## Extracted entries

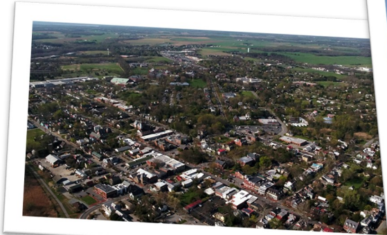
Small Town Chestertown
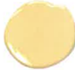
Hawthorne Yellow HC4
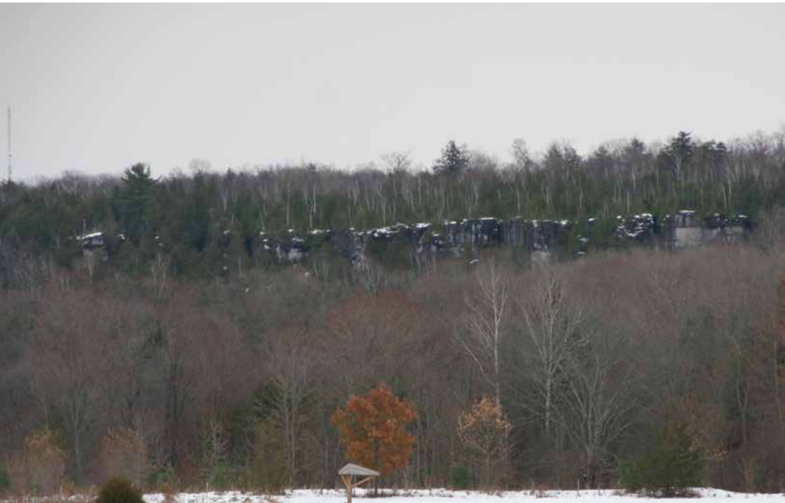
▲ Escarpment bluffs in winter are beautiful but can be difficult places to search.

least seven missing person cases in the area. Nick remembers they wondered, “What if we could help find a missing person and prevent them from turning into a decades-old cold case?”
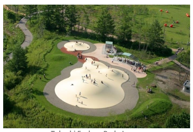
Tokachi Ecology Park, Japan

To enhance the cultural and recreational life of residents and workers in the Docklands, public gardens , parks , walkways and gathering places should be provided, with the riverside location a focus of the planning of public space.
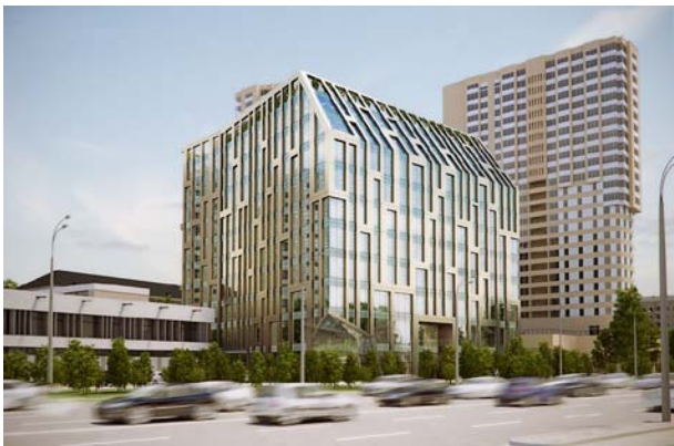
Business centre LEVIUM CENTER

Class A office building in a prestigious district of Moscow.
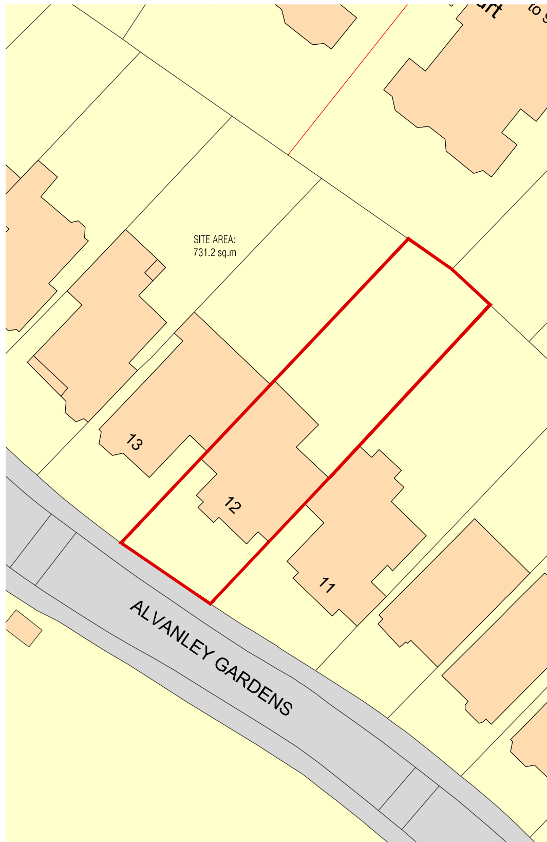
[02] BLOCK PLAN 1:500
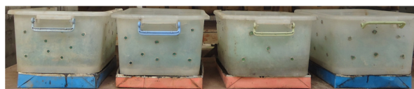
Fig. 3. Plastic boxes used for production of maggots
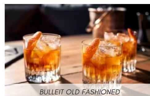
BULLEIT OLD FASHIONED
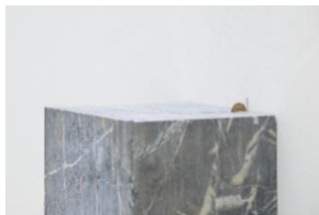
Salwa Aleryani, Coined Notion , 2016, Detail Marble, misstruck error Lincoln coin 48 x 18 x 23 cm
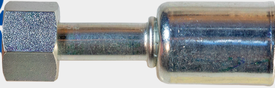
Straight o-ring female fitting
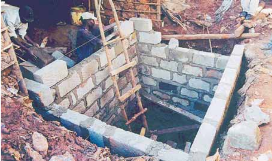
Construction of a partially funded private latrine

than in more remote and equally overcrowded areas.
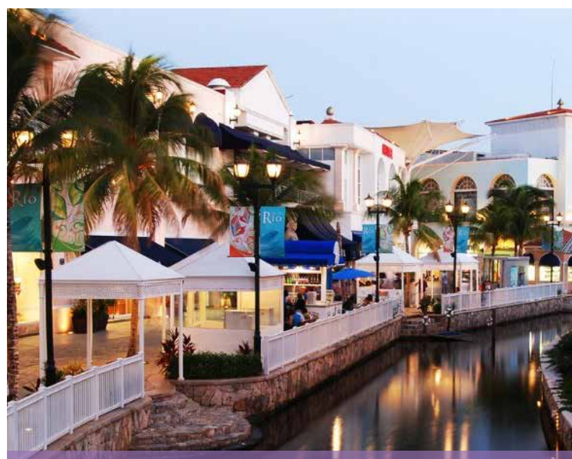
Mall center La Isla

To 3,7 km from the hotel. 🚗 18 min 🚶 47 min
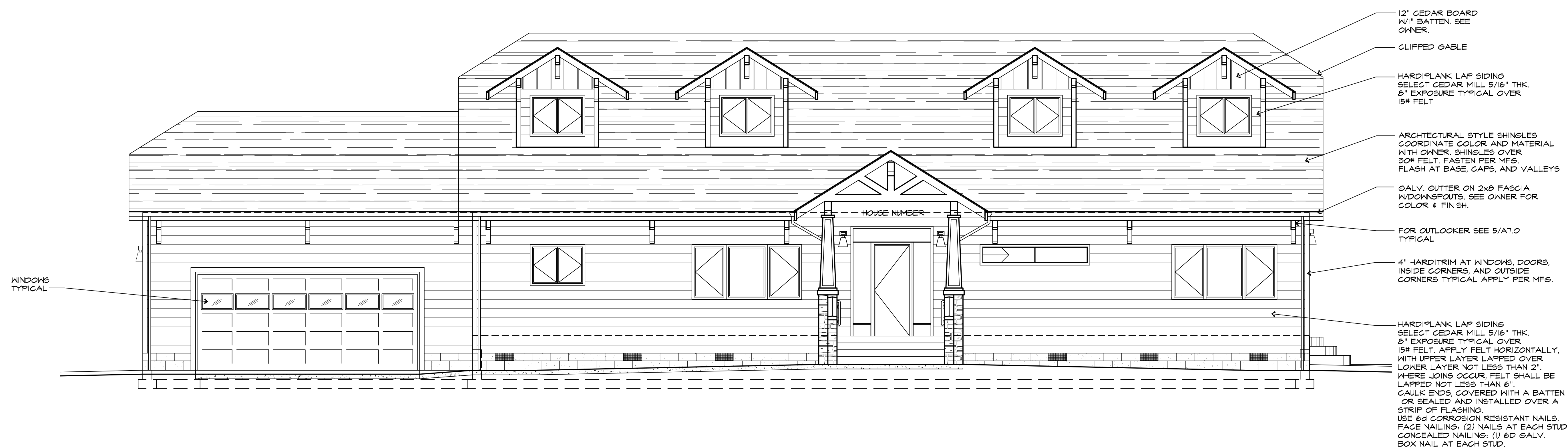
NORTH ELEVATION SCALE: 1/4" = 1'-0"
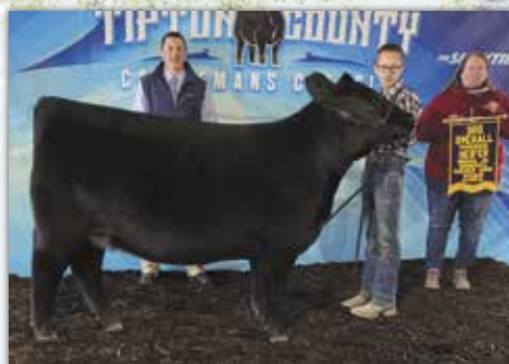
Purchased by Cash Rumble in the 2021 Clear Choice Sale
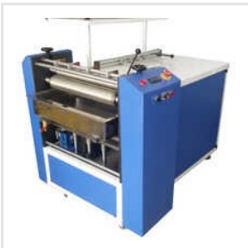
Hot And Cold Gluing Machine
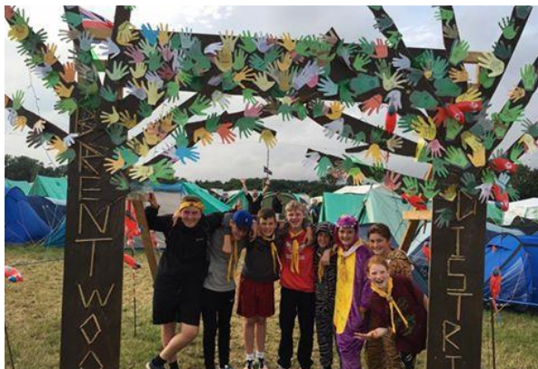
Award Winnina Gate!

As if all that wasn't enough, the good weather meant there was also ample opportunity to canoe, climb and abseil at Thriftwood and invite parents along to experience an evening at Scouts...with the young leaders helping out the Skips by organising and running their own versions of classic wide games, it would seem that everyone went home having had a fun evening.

## What you should do
Above are the records; return the lines in them from the one with "least seven missing" to the one with "Tokachi Ecology Park, Japan", inclusive, exactly and without images.

## Written response
least seven missing person cases in the area. Nick remembers they wondered, “What if we could help find a missing person and prevent them from turning into a decades-old cold case?”
Tokachi Ecology Park, Japan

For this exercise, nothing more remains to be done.